In March 2013 four thousand Japanese farmers held a protest in Tokyo worried that cheap imports could severely damage the local agriculture industry.[114]

Malaysian protesters dressed as zombies outside a shopping mall in Kuala Lumpur on 21 February 2014 to protest the impact of the TPP on the price of medicines, including treatment drugs for HIV. The protest group consisted of students, members of the Malaysian AIDS Council, as well as HIV-positive patients, with one patient explaining that, in Malaysian ringgit, he spent between RM500 and RM600 each month on treatment drugs, but this cost would increase to around RM3,000.[115]

On 29 March 2014 fifteen protests took place across New Zealand against the TPP including a demonstration in Auckland of several thousand people.[116] In a press release announcing the decision of the New Zealand Nurses Association's decision to join the protests, its policy analyst stated that the TPP could prevent government decisions beneficial to public health because “if private investors, such as tobacco companies, were affected they could sue the government.” [117]

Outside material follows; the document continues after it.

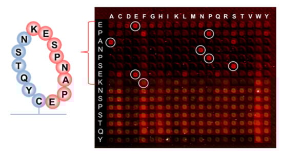 H.B. Larman et al. constructed a synthetic representation of the complete human proteome for the discovery of unreported autoantibodies, which were engineered as peptides on the surface of T7 phage []. However, phage display screenings are notorious for the identification of false-positive hits []. These emerge for two important reasons: binding to non-target-related materials used during selection and propagation advantages []. Often, hits from phage display screening are validated, for example, using peptide microarrays to find invariant amino acids via substitutional analysis [,] or to determine the affinity and the serological number of peptide–antibody interactions in peptide array format []. Knowledge of invariant amino acids in epitopes contributes to a more targeted search for antigens in proteomic databanks.

Relationship with other frameworks[edit]

Along with the Trans Pacific Partnership (TPP), the RCEP is a possible pathway to a free trade area of the Asia-Pacific, and a contribution to building momentum for global trade reform.Both the RCEP and TPP are ambitious FTAs and will involve complex negotiations as it involves multiple parties and sectors. The TPP and RCEP as mutually-reinforcing parallel tracks for regional integration.[118]